4.6. Platelet-Mediated Fibrin Clot Retraction
Washed platelets (3.6 × 108 cells/mL) were resuspended in Tyrode’s solution containing 2 mg/mL of fibrinogen and 1 mM CaCl2 and then dispensed in 500 μL aliquots in glass tubes designed for aggregation [30]. PTE (3.5 and 6 μM) or the solvent control (0.1% DMSO) was included in the platelet suspension buffer before thrombin (0.01 U/mL)-induced clot retraction without stirring. The reaction was photographed at 15 and 30 min.
4.7. Measurement of Hydroxyl Radicals Through Electron Spin Resonance Spectrometry
The electron spin resonance (ESR) method was used to measure hydroxyl radicals by using a Bruker EMX ESR spectrometer, as described previously [30]. In brief, platelet suspensions (3.6 × 108 cells/mL) were preincubated with PTE (3.5 and 6 μM) for 3 min before adding collagen (1 μg/mL). The reaction was allowed to proceed for 5 min before adding DMPO (100 μM). The ESR spectrometer was operated at a power of 20 mW and 9.78 GHz, and a scan range of 100 G and a receiver gain of 5 ×104 were applied [31]. The ESR signal amplitude was quantified using the WIN-EPR, version 921201 supplied by BRUKER-FRANZEN Analytik GmbH (Bremen, Germany).
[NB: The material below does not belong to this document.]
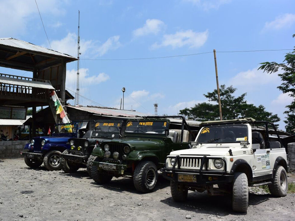 므라삐 화산투어는 큼직한 오프로드 지프들이 도열해 있는 집결지에서부터 시작됩니다.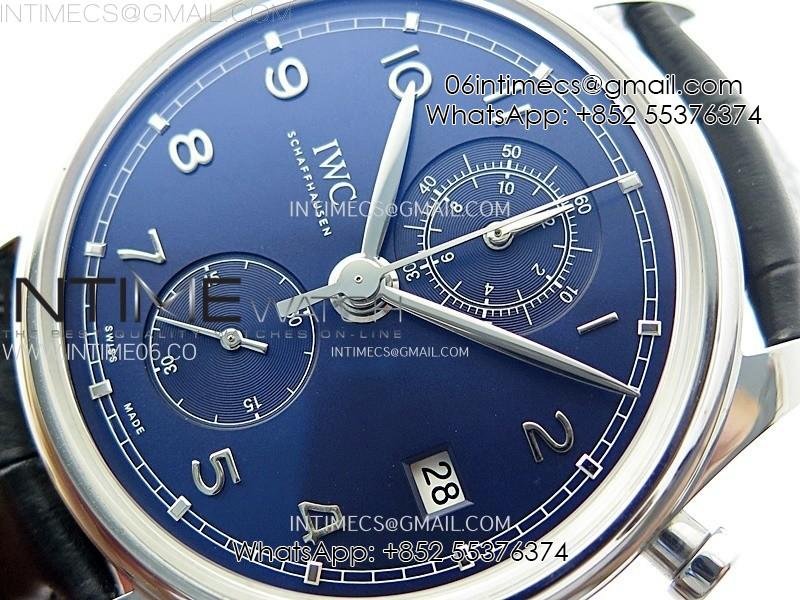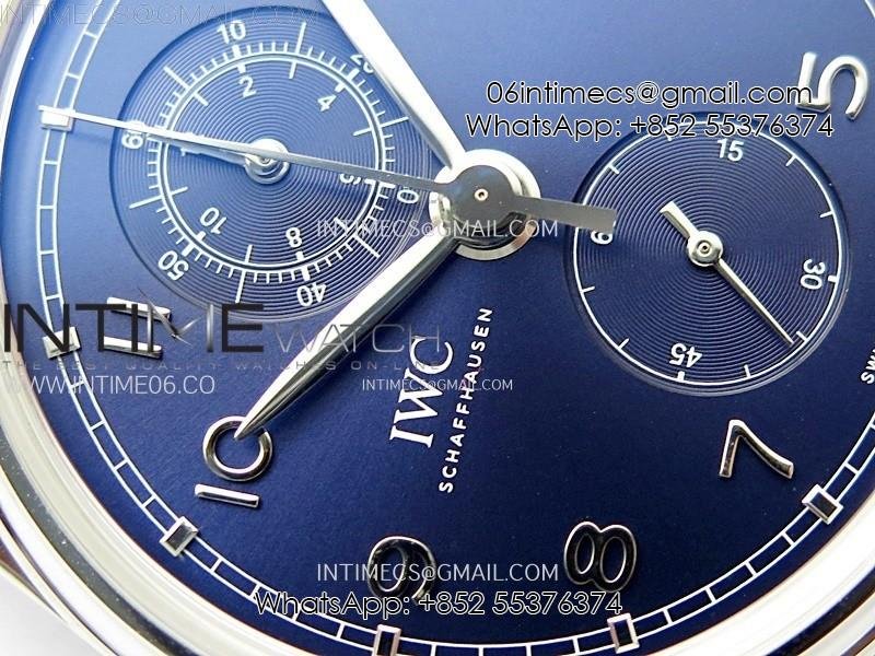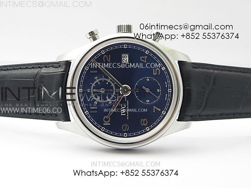 Portugieser Chrono Classic 42 IW390406 AZF 1:1 Best Edition Blue Dial Blue Hand on Black Leather Strap A7750

4.8. Measurement of Vascular Thrombus Formation in Mouse Mesenteric Microvessels Irradiated with Sodium Fluorescein
The method applied to a thrombogenic animal model in this experiment conformed to the Guide for the Care and Use of Laboratory Animals (8th edition, 2011), and we received an affidavit of approval for the animal use protocol from Taipei Medical University (LAC-2018-0383). Male ICR mice (6 weeks) were anesthetized using a mixture containing 75% air and 3% isoflurane maintained in 25% oxygen; their external jugular veins were then cannulated with a PE-10 tube for administering the dye and drugs intravenously [28]. Venules (30–40 µm) were irradiated at a wavelength of <520 nm to produce a microthrombus. Two PTE doses (1 and 2 mg/kg) were administered 1 min following sodium fluorescein (15 µg/kg) administration, and the time required for the thrombus to occlude the microvessel (occlusion time) was recorded.
4.9. Statistical Analysis
Continuous variables in the experimental results are presented as the mean ± standard deviation or median (Q1–Q3) depending on whether the data are normally distributed. Values of n refer to the number of experiments; each experiment was conducted using different blood donors. Unpaired Student’s t-test or analysis of variance (ANOVA) was used to determine significant differences among the groups if the data were normally distributed. Mann–Whitney U tests and Kruskal–Wallis tests were conducted for non-normal data. When this analysis indicated significant differences, the groups were compared using the Student–Newman–Keuls method. Statistical significance was set at p < 0.05.
5. Conclusions
This study demonstrated that PTE exhibits a strong activity against platelet activation through the inhibition of integrin αIIbβ3-mediated inside-out and outside-in signaling, suggesting the potential therapeutic and prophylactic applications of PTE in thromboembolic disorders.
Author Contributions
S.-M.H. and J.-R.S. participated in research design. W.-C.H. and K.-C.L. carried out most of the experiments, including platelet aggregation, immunoblotting, and the animal study. C.-W.H. performed platelet function analysis. S.-M.H. and J.-R.S. wrote the manuscript. C.-H.H., T.-Y.C., and P.S.B. performed data analyses. All authors provided clarification and guidance on the manuscript. All authors have read and agreed to the published version of the manuscript.
Funding
This work was supported by grants from the Ministry of Science and Technology of Taiwan (MOST 107-2320-B-038-035-MY2 and MOST108-2320-B-038-031-MY3), Taipei Medical University (DP2-107-21121-N-02), Cathay General Hospital (CGH-MR-A108017) and Chi Mei Medical Center—Taipei Medical University (107CM-TMU-05).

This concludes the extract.